Ten minutes later, after the haircut was done, I turned to see my son’s face, and it was anything but happy. “Too short!” he cried, arms crossed protectively over his head. I smiled awkwardly at the barber, assuring her it was what I had asked for. It was short, but not too extreme. Still, the sudden change must have been shocking for him.
“You look great! Very handsome!” I tried to reassure him. But he continued to sulk, chanting “Too short!” as we headed to the car. “I look bald,” he lamented.
I couldn’t help but roll my eyes, thinking, “Come on, it’s just a haircut!” Over the next few hours, I attempted various tactics to help him feel better: “You look older,” I said. “You’re almost 7!” He countered with, “I look old and bald.” I tried to reassure him that many boys had short hair for summer, but he insisted, “No one I know.”

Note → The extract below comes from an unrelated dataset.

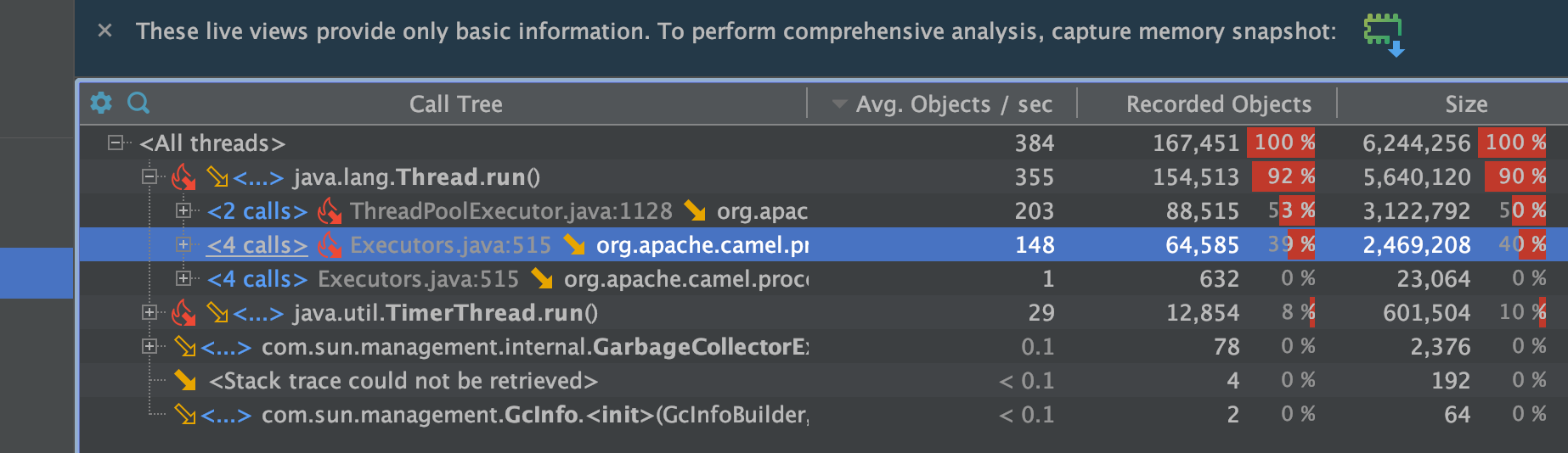 Camel 3.5 Average Object Allocations Per Seconds (Click to enlarge)

I even mentioned, “Daddy has short hair too!” but he flat-out rejected that idea. Finally, I offered an apology, admitting I didn’t realize he wouldn’t like it and promised not to cut it that short again. Still, he insisted on wearing a hat to camp, fearing ridicule from everyone for being “bald.”
I couldn’t dismiss his feelings, as I remembered my own anxiety about fitting in back in school. How many times did I worry about my outfits, desperately wanting to express my individuality but also terrified of judgment? My son, who is usually brimming with creativity at home, seemed to be wrestling with similar fears about fitting in.
It dawned on me that my assumptions about boys being carefree were naive; he clearly has his own thoughts on how he wants to present himself—and I need to respect that, within reason. No ponytails or mullets, though!
If you’re interested in more thoughts on parenting and insemination, you can check out this article on home insemination and for more information on pregnancy, visit Womens Health. Also, you might want to explore Cryobaby’s at-home insemination kit for more insights.
Summary:
In my journey as a mother, I’ve learned to navigate my sons’ evolving preferences, especially regarding their haircuts. What once seemed trivial became a significant issue for my five-year-old, highlighting the complexities of childhood insecurities. It’s essential to support their choices while maintaining some boundaries, not to mention that every haircut is a journey in itself!